The police vehicles take off from the parking lot with Booker and Fulop in tow. Some supporters keep pace, and others trail behind walking, there to observe Booker in the flesh more than for the cardio. “He’s the hardest working senator there,” Donna Streeter, a middle-aged woman from New Brunswick tells me. She has brought her two teenaged children with her to see the man she says inspired her to care about politics. Streeter thinks Booker should challenge Hillary Clinton for the Democratic nomination in 2016. “I think he’s ready. He’s qualified,” she says, slightly out of breath.

First, Booker will have to get past Bell, who arrived back in the Garden State in February following 30 years spent in Fairfax, Virginia. Bell worked in both the Nixon and Reagan administrations. His platform mostly consists of his desire to return to the gold standard—something polls show New Jersey residents do not care about—but he sometimes pivots to foreign policy (he’s a neocon) and his disdain for the welfare state.

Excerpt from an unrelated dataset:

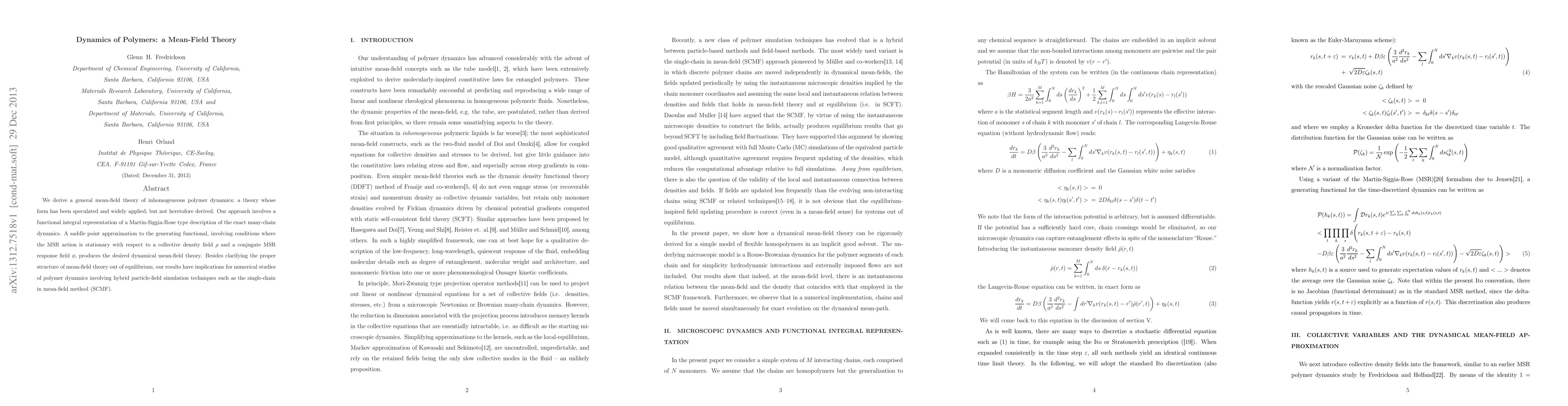 This paper develops a mean-field theory for inhomogeneous polymer dynamics using a Martin-Siggia-Rose functional integral approach. The resulting theory clarifies the dynamics of many polymer chains and has implications for hybrid simulation techniques like the single-chain in mean-field method.
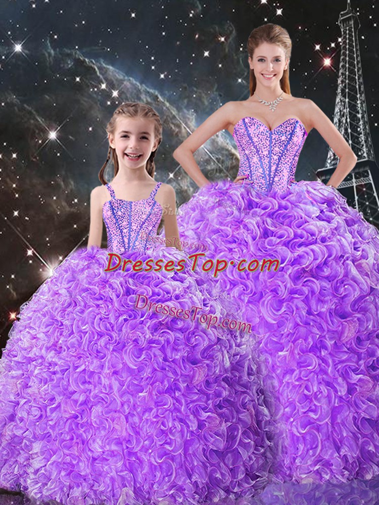 Fashion Lavender Organza Lace Up Sweetheart Sleeveless Floor Length 15 Quinceanera Dress Beading and Ruffles

On a sunny afternoon in late September, I traveled to Bell’s brother’s home in Fort Lee (of Bridgegate fame) to interview the candidate. He answered the door—bespectacled and tall, with shoulders so large and exacerbated by his out-of-date blazer that it looks as though he is being carried around by a clothes hanger—and stepped outside with palms facing forward, as if he thought he was about to be shot. Everything that occurred beyond the door, he said—the entire interview—would have to be off the record.

All of that, and the fact that hardly anyone within the state knows who the hell Bell is, and Booker is only polling modestly. After hovering around 42 percent all summer, with a Senate approval rating of 47 percent, Booker only just cracked 50 percent in a Monmouth University poll.